Someone ran into me in a parking lot, and I just got the car back after $16K of insurance-paid repairs. While they had the car, the shop disconnected the 12V battery, so all my settings are lost. I can re-install them. What I don't understand is that the instrument cluster now says "Maintenance Required Soon." Since the car has only 7000 km on it, I assume that this message is just the result of some failure by the repair shop. What probably happened? Is this a true alarm, requiring service by someone who (unlike the repair shop) knows what he or she is doing? If this is a false alarm, is there an easy way to make the message go away?
It's just an egg timer tied to the odometer. It is pre-set to go off every n kms, not triggered by any specific fault or condition in the car. It's easy to reset (specific instructions are in the owners manual) and your dealer can change the value of n to whatever you like as a reminder for oil changes, tire rotations, or really whatever you want the reminder to stand for. The collision shop probably wasn't aware of it at all and likely didn't interact with it in any meaningful way. There are actually two of these- in a few hundred km the message should change to 'Maintenance Required' One reset procedure covers both.

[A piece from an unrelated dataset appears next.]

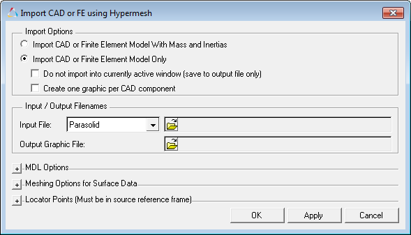 You can submit ADAMS dataset language files (ADM and ACF) directly to MotionSolve, thus avoiding manual translation. The ADAMS model is first automatically translated into the MotionSolve XML format and then it is solved. If the ADAMS model has a flexible body represented by the MNF and MTX files, the MotionView Flexprep utility will be used to generate an H3D flexible body file (using the MNF file). This H3D flexbody file is the MotionSolve equivalent of the ADAMS MNF and MTX files. It holds the mass and inertia properties, as well as the flexibility properties which allow the body to deform under the application of loads. The deformation is defined using a set of spatial modes and time dependent modal coordinates.

That's interesting, a Canadian spec 5th gen, having the maintenance required warning. That wasn't the case with 3rd gen, nor 4th gen if I'm not mistaken. The first maintenance interval should be 8000 kms or 6 months, whichever comes first, and entails basically a tire rotation, nothing more. There may be mention of "visual brake inspection", which could amount to "uhuh, they're still there". Of interest: Toyota Canada used to publish a maintenance schedule, and for a few years it was actually readable. Feast your eyes: ^ I've attached a more legible pdf format. Has a second page, explaining "Oil and Filter Service" versus "Maintenance Service" This may be identical to the 5th gen schedule, which as of the 4th gen advent (2016~2022), had no maintenance schedule in the paper publications. Anyway, this is what you'll see now, in the Toyota Warranty and Maintenance Guide: ^ Underwhelming, eh?

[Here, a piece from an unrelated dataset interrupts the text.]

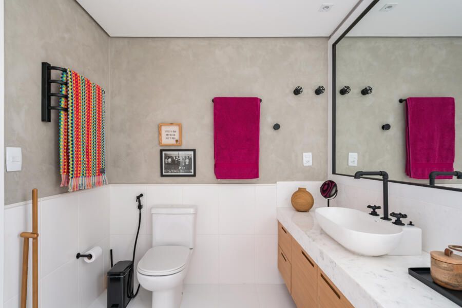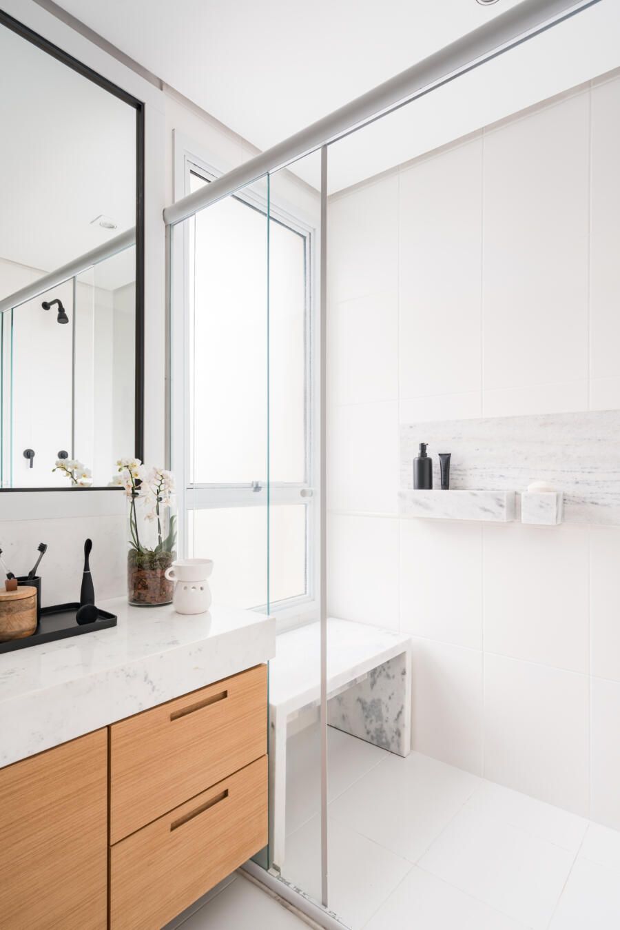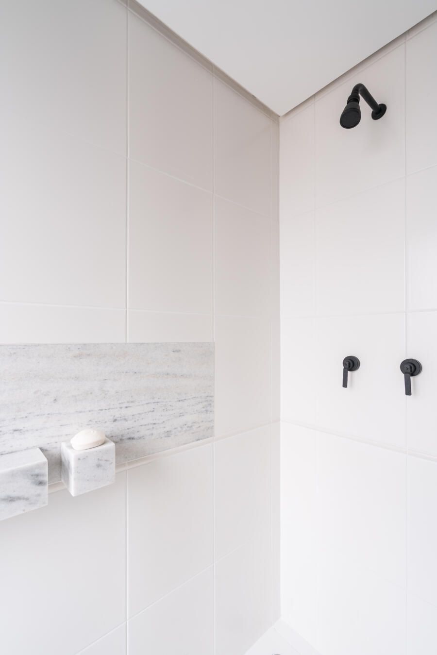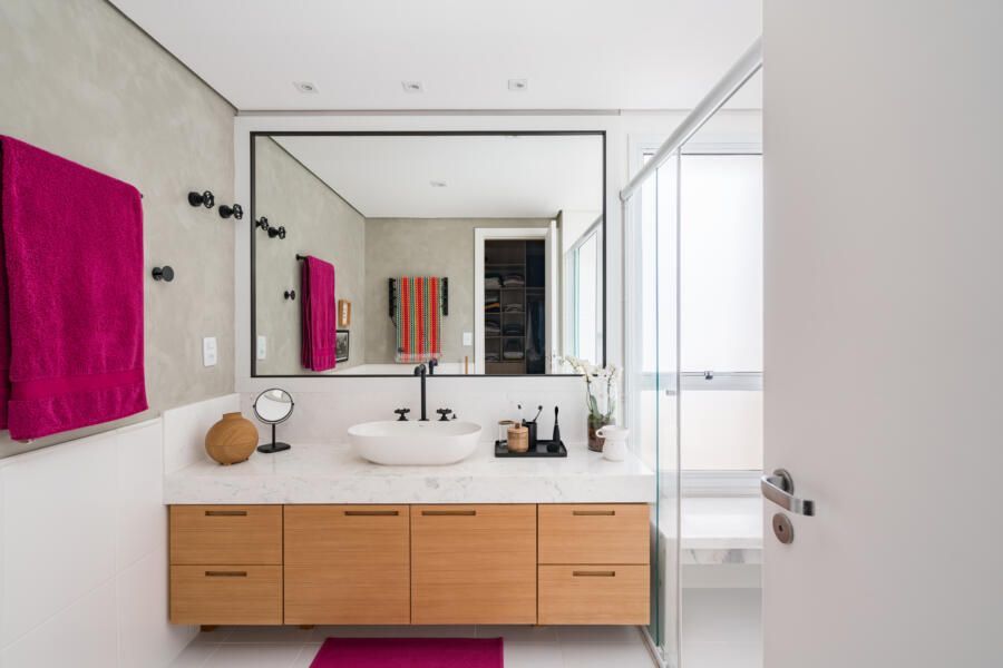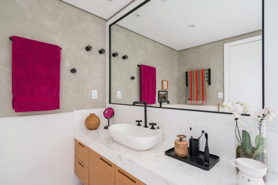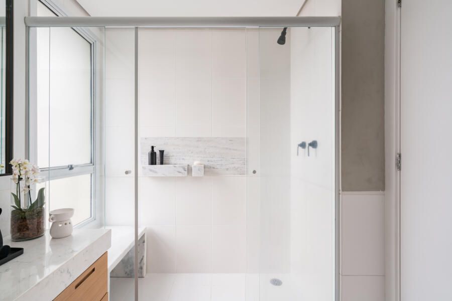 “Em cima do espelho existente executamos uma moldura para esconder a oxidação que aparecia nas bordas e desenhamos um novo gabinete, pois não existia nada ali. Além disso, criamos um nicho no box do banheiro do casal. Inicialmente planejávamos executá-lo da forma convencional, através do recorte na alvenaria e posterior instalação do nicho pronto de mármore. Porém, a partir do momento em que começamos a demolição, notamos que toda a parede era estrutural, ou seja, não seria possível executar o nicho ali. Como já havíamos removido parte dos azulejos da construção original e não tínhamos nenhum modelo igual para repor, optamos por desenvolver um desenho diferente para solucionar o problema. Assim, foi feita uma placa de mármore estruturada com 2 módulos sobressalentes para apoio dos produtos. Ficou super funcional, diferente do convencional e os clientes amaram o resultado.”

A required soon message usually comes on about 500 miles before the actual interval mileage with these systems.
That is a 5,000-mi/8,000-km reminder that you reset after each oil change/tire rotation. The 12-V-battery disconnect has nothing to do with it. It is telling you that you need to take the car for a tire rotation (and also an oil change if you like) at 5,000 mi (8,000 km). You can reset it if you don't want to have the maintenance performed.